Friday, August 21, 2009

More on those problems with example web2py configurations for mod_wsgi.

In the last post about web2py I covered the problems with the HTTP configuration for using mod_wsgi. This time will look at the combined HTTP/HTTPS configurations from the web2py book. The configuration in this case is as follows.
1  ### for requests on port 80
2 NameVirtualHost *:80
3 <VirtualHost *:80>
4 ### set the servername
5 ServerName example.com
6 ### alias the location of applications (for static files)
7 Alias / /home/web2py/applications/
8 ### setup WSGI
9 WSGIScriptAlias / /home/web2py/wsgihandler.py
10 WSGIDaemonProcess web2py user=www-data group=www-data \
11 home=/home/web2py/ \
12 processes=10 maximum-requests=500
13 ### admin requires SSL
14 <Location "/admin">
15 SSLRequireSSL
16 </Location>
17 ### appadmin requires SSL
18 <LocationMatch "ˆ(/[\w_]*/appadmin/.*)">
19 SSLRequireSSL
20 </LocationMatch>
21 ### static files do not need WSGI
22 <LocationMatch "ˆ(/[\w_]*/static/.*)">
23 Order Allow,Deny
24 Allow from all
25 </LocationMatch>
26 ### everything else goes over WSGI
27 <Location "/">
28 Order deny,allow
29 Allow from all
30 WSGIProcessGroup web2py
31 </Location>
32 LogFormat "%h %l %u %t \"%r\" %>s %b" common
33 CustomLog /var/log/apache2/access.log common
34 </VirtualHost>
35 ### for requests via SSL (port 443) enable SSL
36 NameVirtualHost *:443
37 <VirtualHost *:443>
38 ServerName example.com
39 Alias / /home/web2py/applications/
40 WSGIScriptAlias / /home/web2py/wsgihandler.py
41 WSGIDaemonProcess web2py user=www-data group=www-data \
42 home=/home/web2py/ \
43 processes=10 maximum-requests=500
44 SSLEngine On
45 SSLCertificateFile /etc/apache2/ssl/server.crt
46 SSLCertificateKeyFile /etc/apache2/ssl/server.key
47 <LocationMatch "ˆ(/[\w_]*/static/.*)">
48 Order Allow,Deny
49 Allow from all
50 </Location>
51 <Location "/">
52 Order deny,allow
53 Allow from all
54 WSGIProcessGroup web2py
55 </Location>>
56 LogFormat "%h %l %u %t \"%r\" %>s %b" common
57 CustomLog /var/log/apache2/access.log common
58 </VirtualHost>
As already stated in the last post, this has all the same problems as for the HTTP only configuration. Because a separate VirtualHost is used for HTTP and HTTPS, the problems are actually duplicated and occur in each VirtualHost. I will not cover all that again, so ensure you read the last post.

On top of those problems, the HTTPS configuration contains an additional mistake, this time in how mod_wsgi is used.

The mistake here is having a second WSGIDaemonProcess directive at line 41. Doing this will fail because the same daemon process group name of 'web2py' was used as the first argument to the directive, as was used in the WSGIDaemonProcess directive at line 10. The mod_wsgi module will reject this, as the names for daemon process groups must be unique no matter what context they are placed in.

The first thought might be just to change the name as well as the reference to it in the WSGIProcessGroup directive at line 54. Although this will work, it does mean you then have a second daemon process group containing another 10 processes just for handling the HTTPS requests. As I already explained, the number of processes/threads was excessive and doing that would just make the problem twice as bad.

What one really wants is for both HTTP and HTTPS requests to use the same daemon process group. There are two ways one could achieve this.
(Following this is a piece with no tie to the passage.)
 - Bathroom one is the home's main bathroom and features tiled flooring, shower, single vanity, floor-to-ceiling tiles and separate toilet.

The first is to delete the WSGIDaemonProcess directive at line 41 and move the WSGIDaemonProcess directive at line 10 outside of both VirtualHost definitions. In other words, it is placed at global scope within the Apache configuration. By doing this, WSGI applications within any VirtualHost, regardless of ServerName, could be delegated to that daemon process group.

If this your own system and you aren't hosting sites for other users, doing it this way is likely acceptable. If you want a slightly more secure configuration, you should still delete the WSGIDaemonProcess directive at line 41, but leave that at line 10 in place.
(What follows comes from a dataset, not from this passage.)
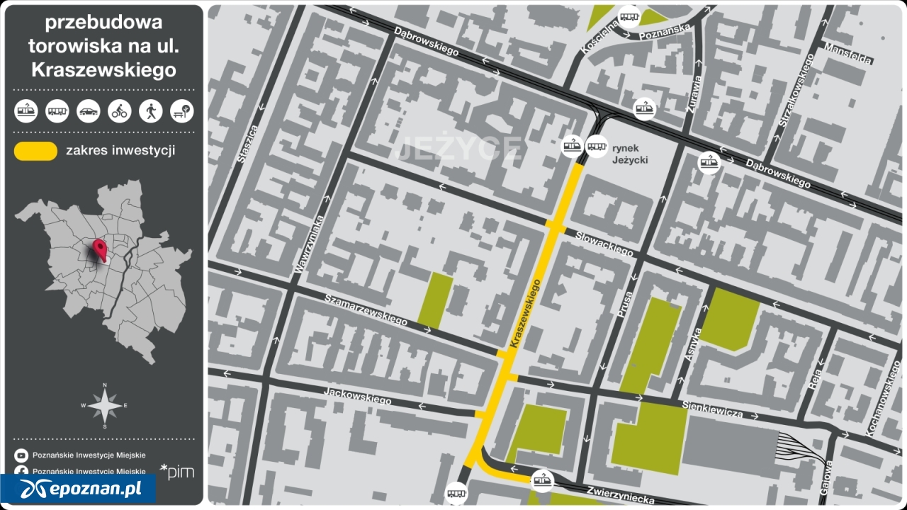 Poznańskie Inwestycje Miejskie ogłosiły przetarg na opracowanie dokumentacji projektowej dla rozbudowy torowiska tramwajowego w ciągu ulicy Kraszewskiego wraz z infrastrukturą. Miasto chce przebudować całe torowisko na ulicy - od Rynku Jeżyckiego do Zwierzynieckiej.

What is being relied upon in that case is that mod_wsgi will allow you to reference using the WSGIProcessGroup directive, a daemon process group specified in the context of another VirtualHost, so long as the ServerName for the VirtualHost is the same.
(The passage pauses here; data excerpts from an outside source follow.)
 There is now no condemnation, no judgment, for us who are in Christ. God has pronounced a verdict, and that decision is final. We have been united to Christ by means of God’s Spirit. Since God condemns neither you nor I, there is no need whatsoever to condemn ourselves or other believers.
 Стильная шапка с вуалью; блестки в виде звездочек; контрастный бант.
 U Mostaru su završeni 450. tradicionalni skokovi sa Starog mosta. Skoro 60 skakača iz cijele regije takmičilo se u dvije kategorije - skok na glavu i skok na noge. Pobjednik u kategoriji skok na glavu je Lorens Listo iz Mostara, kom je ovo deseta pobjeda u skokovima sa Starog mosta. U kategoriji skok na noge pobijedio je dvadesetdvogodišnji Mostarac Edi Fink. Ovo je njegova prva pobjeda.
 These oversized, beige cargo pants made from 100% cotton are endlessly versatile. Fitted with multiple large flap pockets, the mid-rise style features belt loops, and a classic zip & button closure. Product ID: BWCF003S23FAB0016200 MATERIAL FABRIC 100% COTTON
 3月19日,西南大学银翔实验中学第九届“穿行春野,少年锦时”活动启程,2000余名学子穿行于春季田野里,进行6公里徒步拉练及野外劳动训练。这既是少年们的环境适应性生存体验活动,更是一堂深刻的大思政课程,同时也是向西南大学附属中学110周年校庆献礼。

This is a bit safer, because having the WSGIDaemonProcess directive within the VirtualHost means you can't accidentally delegate a WSGI application to it from a VirtualHost for a different ServerName set up for a different user.

Which ever of the two methods is used, there is another subtlety at play in what is happening that is important to point out. This is that by default mod_wsgi will separate WSGI applications such that they run in distinct sub interpreters of the process they run in. The name of the sub interpreter is derived from ServerName, the port for the VirtualHost and the mount point of the application.

Normally this rule for deriving the name of the sub interpreter would actually mean that since HTTP and HTTPS connections are received on different ports, that there would still be two instances of the WSGI application in each process and thus twice as much memory used. Because though ports 80 and 443 are generally paired together for a site, mod_wsgi makes an exception in this case and will actually assign requests for the WSGI application through either port to run in the same sub interpreter. Thus, only one instance of the application in each process.

If for some reason this was a big issue, then you could go back to using two distinctly named daemon process groups. Alternatively, you could use the WSGIApplicationGroup directive to control the name of the sub interpreter each is assigned to. This would see them run together in the same process, but in different sub interpreters with names you designate.

So, that is it for the problems with the configuration that is doing the rounds for web2py and mod_wsgi. In summary, it will not work. Even if you drop the Alias directive so the web2py application receives requests, the use of Location and LocationMatch to control access to URLs is dangerous. On top of that, for the combined HTTP/HTTPS configuration, Apache wouldn't have even started up as mod_wsgi would have complained about the daemon process group names not being unique.

I'll give details of a working configuration for running web2py on top of mod_wsgi later when I get some more time.

Thursday, August 20, 2009

Problems with example web2py configurations for mod_wsgi.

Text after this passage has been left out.